Posted March 21, 2017

To companies with massive amounts of data to store and those who want their files more easily accessible to remote users, cloud storage has a number of obvious advantages. However, it comes with its own technological and regulatory pitfalls.

“Fog computing” – the potential successor to the “cloud” – keeps shifting data packets around a network, which makes files effectively immaterial and therefore difficult to access by hacking a single server. Image credit: Pexels via Pixabay, CC0 Public Domain.

If a server that stores all or most of the data for a company is compromised by way of a cyber-attack, the data of thousands, or even millions, of users may be exposed in a single stroke of bad luck or a simple gap in cyber-security protocols.

To address the issue, and as a logical next step in the development of distributed computing services, a team of researchers from Italy are now proposing another climate analogy – a technique they call “fog computing”.
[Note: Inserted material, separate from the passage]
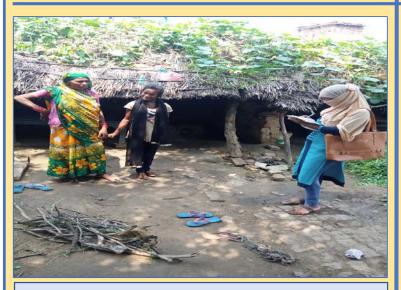
Household survey being conducted in Pipraich block, Uttar Pradesh

Whereas, under cloud storage, files are stored on a single server, “fog computing” would distribute them over a private or public network by using virtual buffers in Internet routers to endlessly relocate data packets without a file ever being complete in one place.

This would mean that there’s no single node for hackers to attack, allowing only legitimate users (or “injectors” and “extractors”, as they are called in the paper) to access the contents.

“The trend towards outsourcing of services and data on cloud architectures has triggered a number of legal questions on how to manage jurisdiction and who has jurisdiction over data and services in the event of illegal actions,” note the authors.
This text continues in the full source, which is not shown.